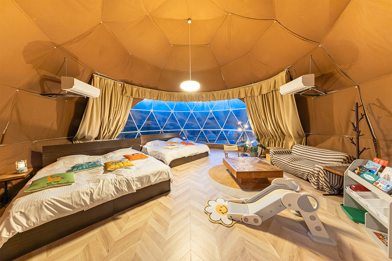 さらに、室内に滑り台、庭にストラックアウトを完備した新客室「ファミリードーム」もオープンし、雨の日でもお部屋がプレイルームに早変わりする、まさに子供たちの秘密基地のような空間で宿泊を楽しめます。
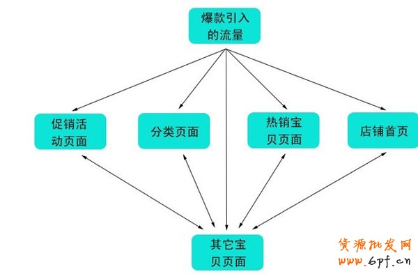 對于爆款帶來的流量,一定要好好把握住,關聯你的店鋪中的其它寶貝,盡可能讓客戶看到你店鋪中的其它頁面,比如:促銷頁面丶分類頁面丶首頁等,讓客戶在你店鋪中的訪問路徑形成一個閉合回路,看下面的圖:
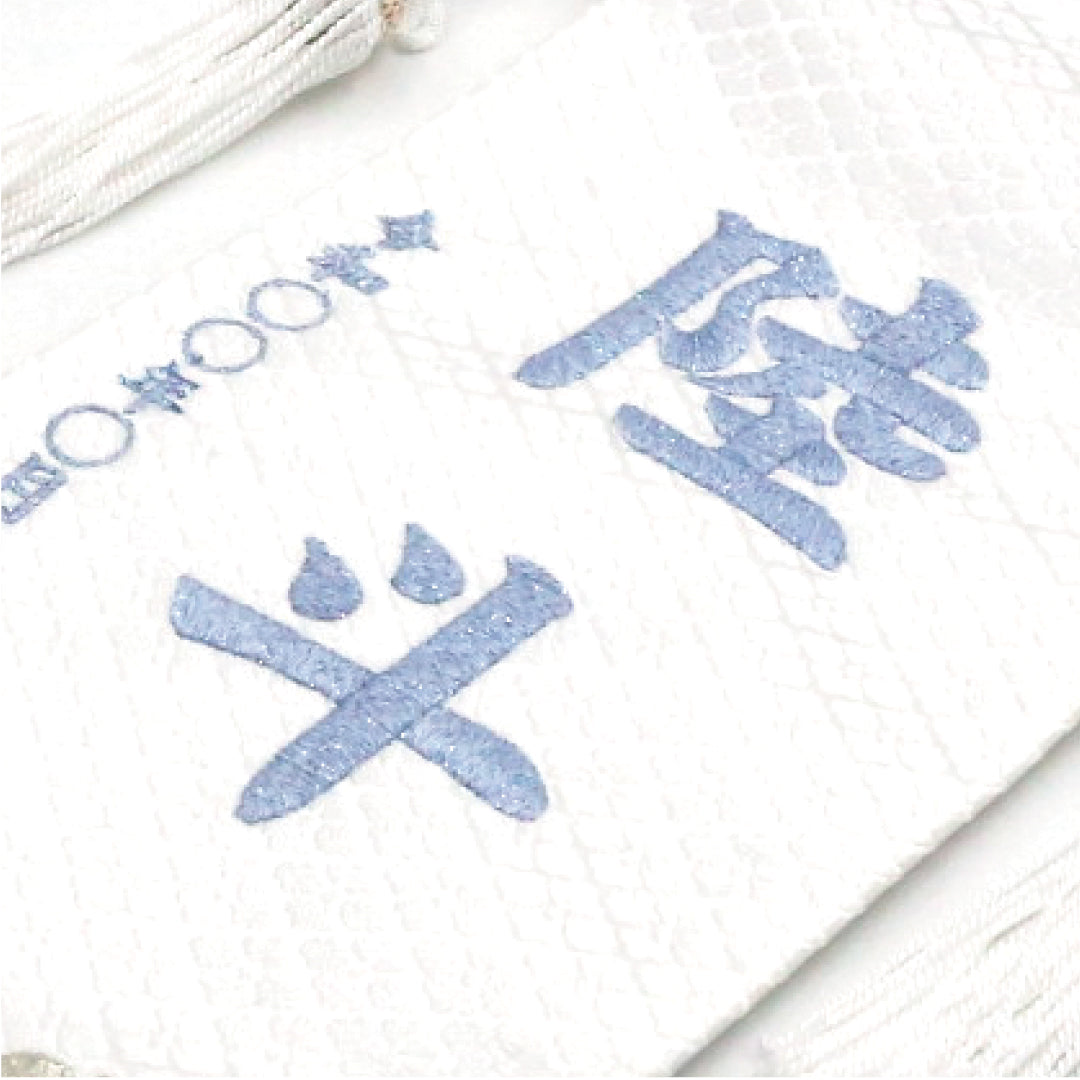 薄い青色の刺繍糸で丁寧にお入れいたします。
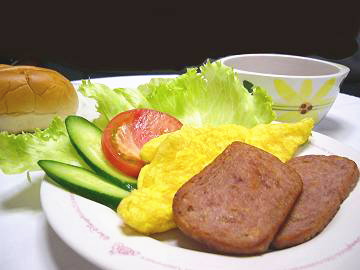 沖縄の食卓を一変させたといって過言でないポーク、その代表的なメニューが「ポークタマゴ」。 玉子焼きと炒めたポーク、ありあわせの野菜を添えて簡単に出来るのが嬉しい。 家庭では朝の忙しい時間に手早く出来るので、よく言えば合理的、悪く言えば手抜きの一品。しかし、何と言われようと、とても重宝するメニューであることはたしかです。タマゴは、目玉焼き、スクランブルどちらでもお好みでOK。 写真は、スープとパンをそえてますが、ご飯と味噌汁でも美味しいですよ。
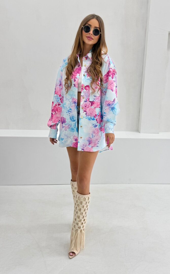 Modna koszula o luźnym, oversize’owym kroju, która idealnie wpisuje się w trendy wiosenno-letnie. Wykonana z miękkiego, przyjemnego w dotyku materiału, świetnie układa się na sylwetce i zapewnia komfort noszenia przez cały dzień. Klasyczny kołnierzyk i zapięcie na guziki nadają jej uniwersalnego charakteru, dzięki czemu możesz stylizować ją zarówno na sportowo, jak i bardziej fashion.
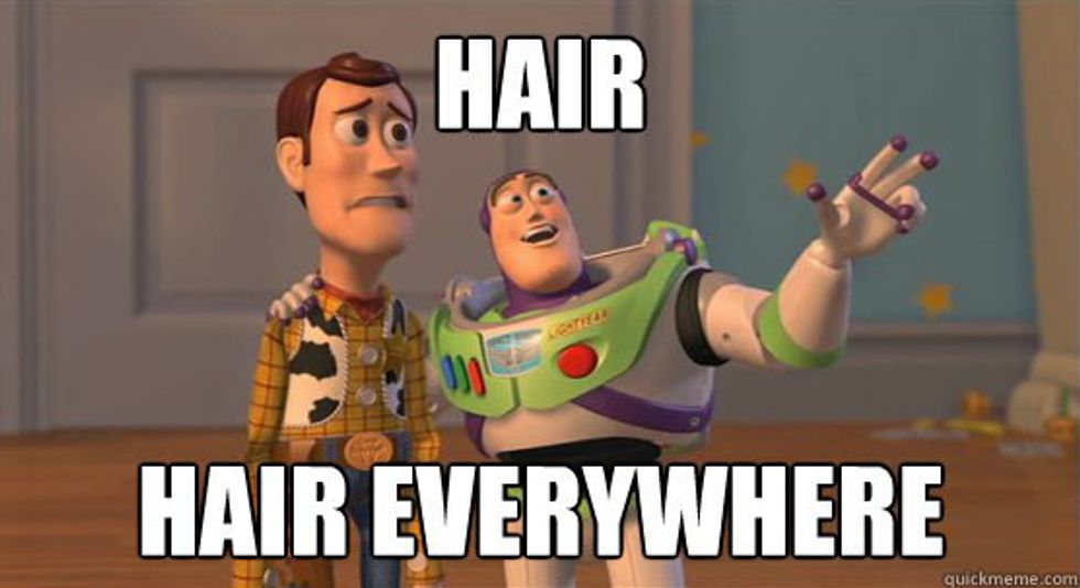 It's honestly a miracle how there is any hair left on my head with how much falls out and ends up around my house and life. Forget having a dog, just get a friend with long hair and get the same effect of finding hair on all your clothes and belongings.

** Your goal **
Pictures are to be left out. Everything else in the records must be written out exactly.

** Finished task **
 さらに、室内に滑り台、庭にストラックアウトを完備した新客室「ファミリードーム」もオープンし、雨の日でもお部屋がプレイルームに早変わりする、まさに子供たちの秘密基地のような空間で宿泊を楽しめます。
 對于爆款帶來的流量,一定要好好把握住,關聯你的店鋪中的其它寶貝,盡可能讓客戶看到你店鋪中的其它頁面,比如:促銷頁面丶分類頁面丶首頁等,讓客戶在你店鋪中的訪問路徑形成一個閉合回路,看下面的圖:
 薄い青色の刺繍糸で丁寧にお入れいたします。
 沖縄の食卓を一変させたといって過言でないポーク、その代表的なメニューが「ポークタマゴ」。 玉子焼きと炒めたポーク、ありあわせの野菜を添えて簡単に出来るのが嬉しい。 家庭では朝の忙しい時間に手早く出来るので、よく言えば合理的、悪く言えば手抜きの一品。しかし、何と言われようと、とても重宝するメニューであることはたしかです。タマゴは、目玉焼き、スクランブルどちらでもお好みでOK。 写真は、スープとパンをそえてますが、ご飯と味噌汁でも美味しいですよ。
 Modna koszula o luźnym, oversize’owym kroju, która idealnie wpisuje się w trendy wiosenno-letnie. Wykonana z miękkiego, przyjemnego w dotyku materiału, świetnie układa się na sylwetce i zapewnia komfort noszenia przez cały dzień. Klasyczny kołnierzyk i zapięcie na guziki nadają jej uniwersalnego charakteru, dzięki czemu możesz stylizować ją zarówno na sportowo, jak i bardziej fashion.
 It's honestly a miracle how there is any hair left on my head with how much falls out and ends up around my house and life. Forget having a dog, just get a friend with long hair and get the same effect of finding hair on all your clothes and belongings.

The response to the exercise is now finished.